The Kenyan government is taking significant steps to enhance the local aviation industry by proposing the elimination of the 16% Value Added Tax (VAT) on helicopters, spare parts, aircraft, and simulators.
The Treasury has proposed eliminating VAT on all aircraft and spare parts to help airlines overcome their financial struggles. This initiative was announced during the recent budget statement and aims to reduce the costs associated with aircraft maintenance and training. By streamlining the VAT exemption process, the aviation sector’s growth will be stimulated, and more investments are expected. Additionally, the intended VAT exemption will foster local pilot training programs.

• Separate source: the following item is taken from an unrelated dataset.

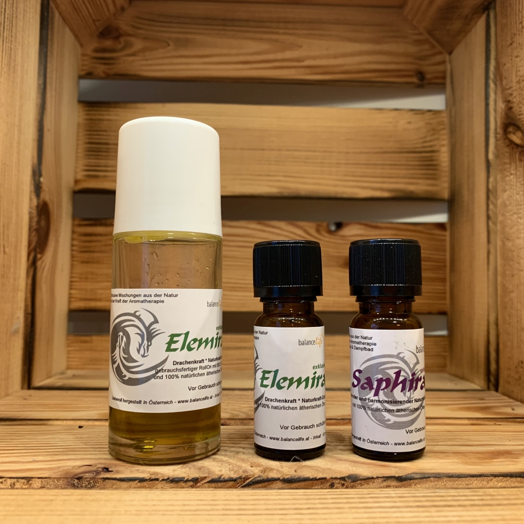 Die neueste exklusive Ölmischung vom Aroma-Spezialisten ist besonders kraftvoll und enthält unter Anderem Jasmin, Fenchel, Majoran und Lavendel. Die Aromamischung schenkt positive Energie und gibt Kraft in vielen schwierigen Situationen wie zum Beispiel bei Regelbeschwerden. Elemira gehört zur BalanceLife Drachenkraft Serie – besondere Mischungen für besondere Situationen.
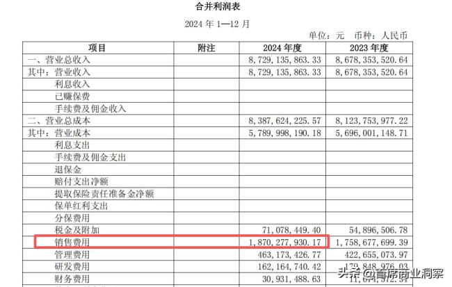 2024年,其母公司销售费用仅1.57亿元,而合并销售费用高达18.7亿元;近90%的销售费用都下沉到各家子公司。

Presently, helicopters, airplanes, and other aircraft weighing less than 2000 kgs are subjected to VAT. Additionally, some spare parts are explicitly exempt from VAT. However, VAT exemptions on other aircraft spare parts imported by aircraft operators or individuals involved in aircraft maintenance are dependent on the recommendation of the competent authority responsible for civil aviation.
The removal of VAT on aircraft and spare parts will foster investment and improve the economic landscape. The high costs have compelled airlines to seek maintenance and training services from other countries. By eliminating VAT, the Kenyan government aims to make Kenya a more appealing destination for such activities, thereby leading to job creation, increased revenue, and a flourishing aviation sector.